Rompant le silence, après les révélations de dimanche dans la presse allemande, le parquet d'Augsbourg a dévoilé au cours d'une conférence de presse la nature d'un «trésor» de quelque 1400 oeuvres d'art découvert par hasard pendant une perquisition en février 2012 au domicile munichois, jonché de détritus, de cet homme.

Ces oeuvres sont d'une «qualité tout à fait extraordinaire» et leur découverte a «évidemment provoqué un sentiment de bonheur incroyable», a déclaré Meike Hoffmann, une historienne de l'art de l'université de Berlin, qui assiste la justice sur ce dossier.

Parmi elles, plusieurs pièces inconnues, dont un tableau de Chagall, qui représente une scène allégorique, datant probablement du milieu des années 1920, et d'une «valeur historique particulièrement élevée». Mme Hoffmann a aussi mentionné un autoportrait d'Otto Dix, qui n'était pas répertorié.

Picasso, Chagall, Renoir, Toulouse-Lautrec, Courbet, Matisse, Macke, Dix, Liebermann... La liste des artistes figurant dans cette collection sauvage ferait se pâmer d'envie n'importe quel conservateur de musée.

Il ne s'agit pas que d'art moderne, a souligné Mme Hoffmann, révélant que la plus ancienne des peintures remontait au XVIe siècle.

La spécialiste a aussi confirmé qu'une peinture de Matisse, un portrait de femme datant probablement du milieu des années 1920, devait appartenir au marchand d'art juif Paul Rosenberg, dont l'héritière est la journaliste française Anne Sinclair.

La collection parisienne de Paul Rosenberg avait été confisquée lorsqu'il avait fui la France en 1940.

La toile en question a sans doute été saisie à Libourne en 1942, a précisé Mme Hoffmann.

Au total, 1406 dessins, aquarelles, lithographies ou tableaux, ont été trouvés dans l'appartement de Cornelius Gurlitt, fils d'un grand collectionneur d'art qui avait collaboré avec les nazis en écoulant à l'étranger des oeuvres volées aux juifs.

Au moment de la perquisition de l'appartement, le 28 février 2012 - et non en 2011, comme annoncé jusque-là par la presse allemande -, «121 oeuvres encadrées et 1285 sans cadre ont été saisies», a dit Reinhard Nemetz, le procureur général d'Augsbourg.

«Concernant ces oeuvres, dont la valeur théorique ne saurait être surestimée, nous avons rapidement eu des éléments concrets laissant penser qu'il s'agissait, pour certaines, d'oeuvres appartenant à l'«art dégénéré» et à des oeuvres volées» à des juifs sous le nazisme, a-t-il poursuivi.

Saisie de 21 000 oeuvres d'«art dégénéré»

Le régime hitlérien avait fait confisquer à partir du milieu des années 1930 dans les musées allemands près de 21 000 oeuvres d'artistes qu'il qualifiait d'«art dégénéré», par opposition à l'art «héroïque» officiel.

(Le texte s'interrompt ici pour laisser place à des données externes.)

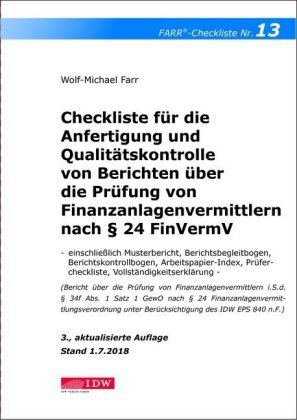 Checkliste 13 für die Anfertigung und Qualitätskontrolle von Berichten über die Prüfung von Finanzanlagenvermittlern nach 24 Fin (německy)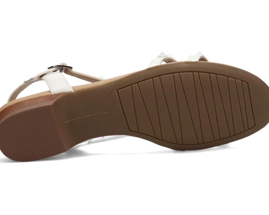 - The Vaneli® Brunel has sophisticated studs. These strappy leather sandals with color-coordinated pyramid studs have an ankle buckle with hidden elastic insert for stretch and comfort.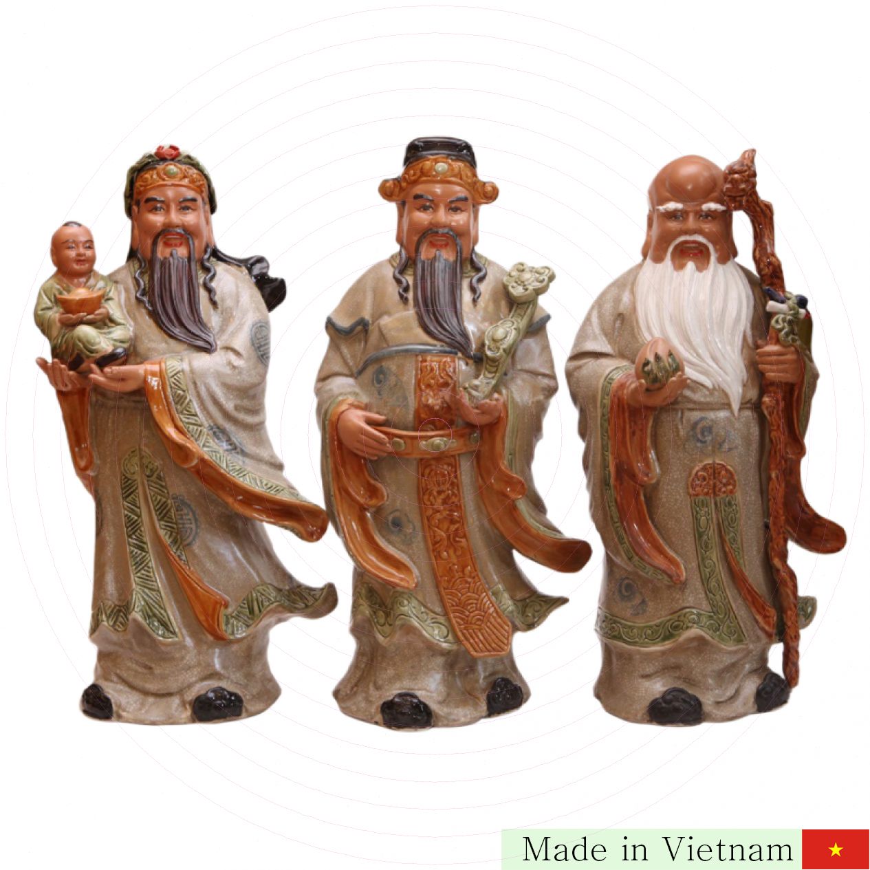 이 세 인물은 베트남과 동아시아 문화에서 가장 존경받는 복덕의 표현으로, 가정이나 사무실에 두면 안정과 번영을 기원하는 의미가 큽니다.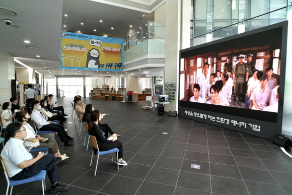 이번 영상 상영은 동서발전이 지역사회와의 상생협력을 위해 지역 현안사업, 시민 편익 정보 등을 공유하고자 본사 로비에 설치한 대형LED 전광판(동서삼창)을 통해 이뤄졌다.

Certaines ont été détruites, d'autres vendues, notamment en Suisse, d'autres ont été achetées à bas prix par des collectionneurs.

Cornelius Gurlitt, qui a vécu des années sans existence officielle en Allemagne, subvenait à ses besoins en vendant de temps à autre des dessins de la collection héritée de son père.

Gurlitt semble par ailleurs atteint de syllogomanie, un trouble obsessionnel qui pousse à une accumulation compulsive d'objets divers, car son appartement était rempli de détritus et de boîtes de conserve périmées, dont certaines depuis près de 30 ans.

L'enquête ouverte à son encontre porte sur une «fraude fiscale» présumée, mais aussi sur un éventuel «recel», s'il se révèle que certaines des oeuvres ont été volées, a souligné le magistrat.

Selon Siegfried Klöble, responsable des douanes de Munich, les oeuvres étaient «conservées dans de bonnes conditions» et ont été retrouvées «dans un très bon état».

Il a  fallu trois jours à une société spécialisée dans le transport des objets d'art pour les déplacer vers un lieu que les autorités n'ont pas voulu préciser.

Mme Hoffmann souligne que «les recherches sur l'origine des oeuvres sont complexes et prennent beaucoup de temps». Le procureur général a toutefois exclu que des photos soient mises en ligne pour faciliter leur identification ou la recherche des propriétaires légitimes, car cela pourrait être contraire à l'intérêt de ces derniers.

Cornelius Gurlitt, qui ne fait pas l'objet d'un mandat d'arrêt, pour le moment, dispose également d'un passeport autrichien et d'une maison à Salzbourg, ont affirmé des médias en Autriche.

Le magistrat Reinhard Nemetz a indiqué mardi que les autorités allemandes n'étaient pas en contact avec M. Gurlitt et ignoraient l'endroit où il se trouvait actuellement.

Quelques-unes des oeuvres

- Canaletto (1697-1768), gravure, vue de Padoue.

- Carl Spitzweg (1808-1885), dessin, Das musizierende Paar (couple de musiciens), figure au catalogue raisonné.

- Ernst Ludwig Kirchner (1880-1938), gravure sur bois en couleur avec un motif de femme, provenance: musée de Mannheim.

- Max Beckman (1884-1950), peinture de Zandvoort, figure au catalogue raisonné.

- Franz Marc (1880-1916), gouache, Landschaft mit Pferden (paysage avec des chevaux), provenance: musée de Moritzburg.

- Gustave Courbet (1819-1877), Jeune fille à la chèvre. Il existe deux versions de l'oeuvre, toutes deux au catalogue raisonné. Celle retrouvée à Munich a, selon Mme Hoffmann, été achetée aux enchères en 1949.

- Marc Chagall (1887-1985), gouache, scène allégorique, non répertoriée au catalogue, provenance incertaine.

- Henri Matisse (1869-1954), huile représentant une femme assise, non répertoriée au catalogue. Le tableau daterait du milieu des années 1920. Saisi dans un coffre de Libourne (France) en 1942 par l'Einsatzstab Reichsleiter Rosenberg, (ERR) unité du 3e Reich commandée par Alfred Rosenberg qui avait pour mission de piller l'Europe des oeuvres d'art qui pourraient constituer un musée nazi.

- Max Liebermann (1847-1935), peinture, deux cavaliers sur la plage.

- Otto Dix (1891-1969), lithographie en couleur représentant une femme âgée. Provenance incertaine. De nombreux dessins et gravures de Dix provenant des saisies d'«Art dégénéré» dans les musées allemands ont été retrouvés à Munich.

- Otto Dix, Autoportrait, jusqu'à présent inconnu. Devrait dater de 1919.